**Data provided:**

━━━━━━━━

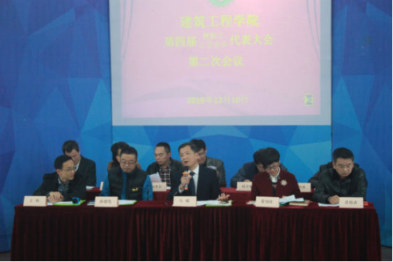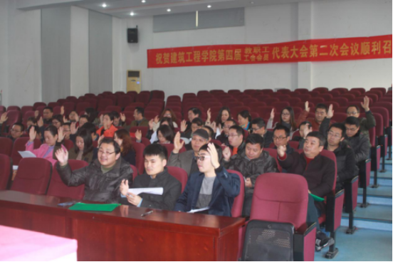 第四届教职工、工会会员代表大会第二次会议在越秀校区第四报告厅隆重举行。院长马嵘、书记费锦红,副院长孙德发、黄殿武,副书记王辉出席,会议应到70人,实到62人。双代会开幕式由费锦红书记主持。
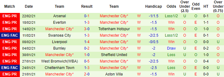 + Thống kê 10 trận gần nhất của Man City
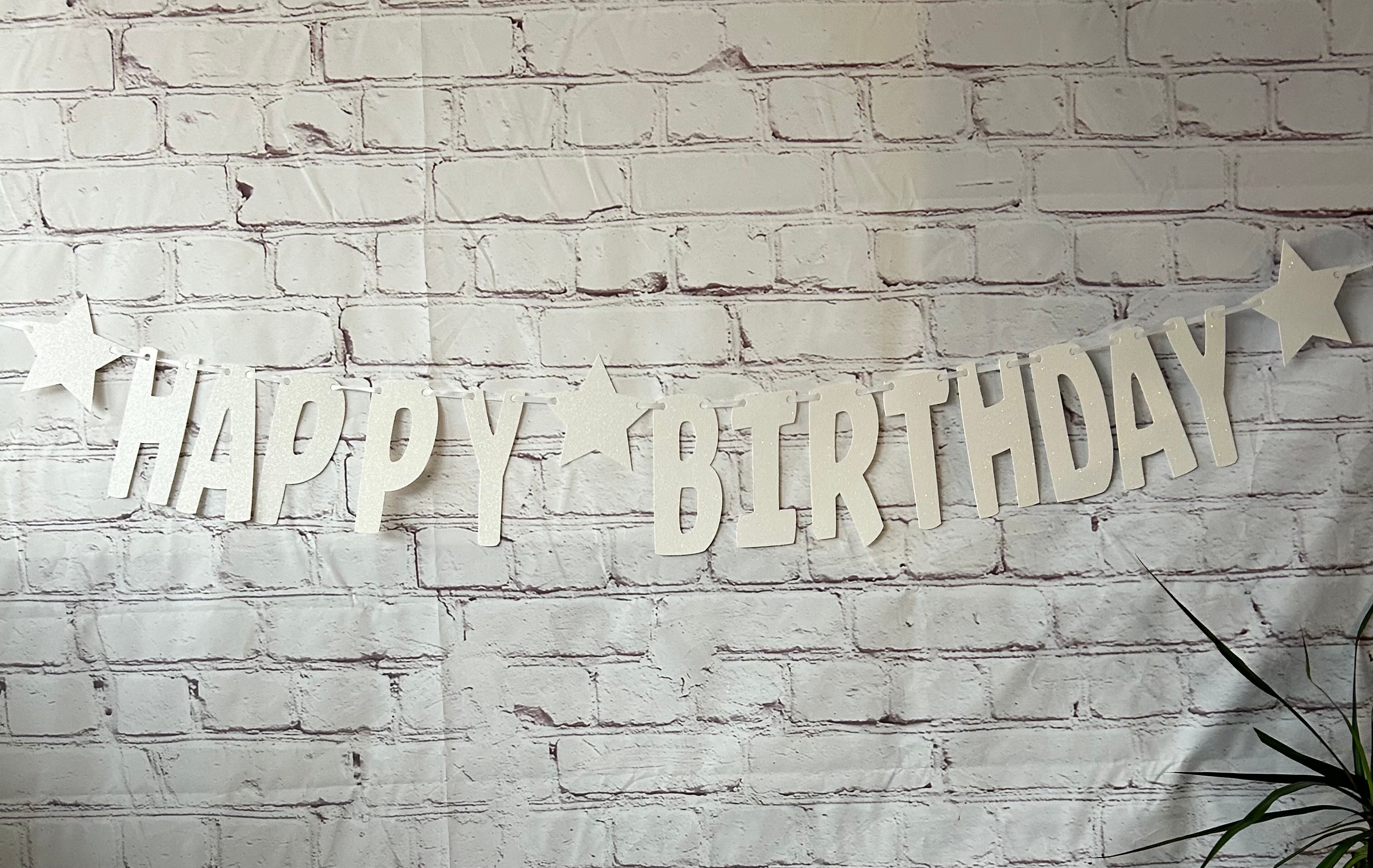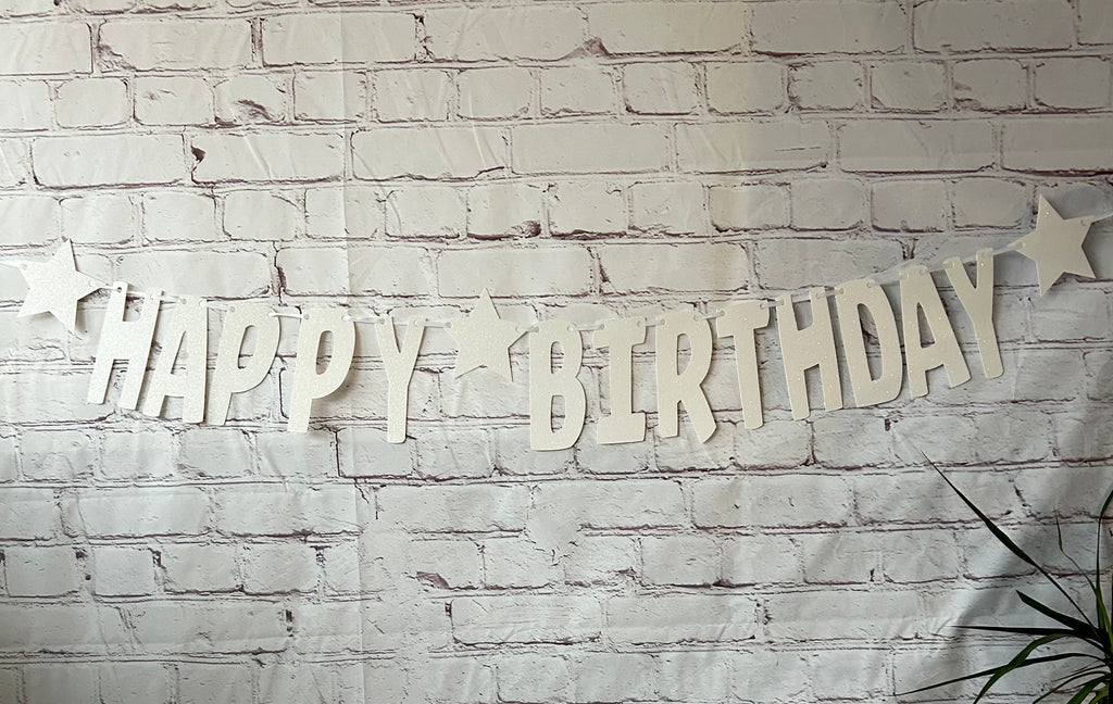 Happy Birthday Glitter Card Letter Banner - White

━━━━━━━━

**Work order:** The listing must be returned in full and exactly, apart from its pictures.

**Result below:**
 第四届教职工、工会会员代表大会第二次会议在越秀校区第四报告厅隆重举行。院长马嵘、书记费锦红,副院长孙德发、黄殿武,副书记王辉出席,会议应到70人,实到62人。双代会开幕式由费锦红书记主持。
 + Thống kê 10 trận gần nhất của Man City
 Happy Birthday Glitter Card Letter Banner - White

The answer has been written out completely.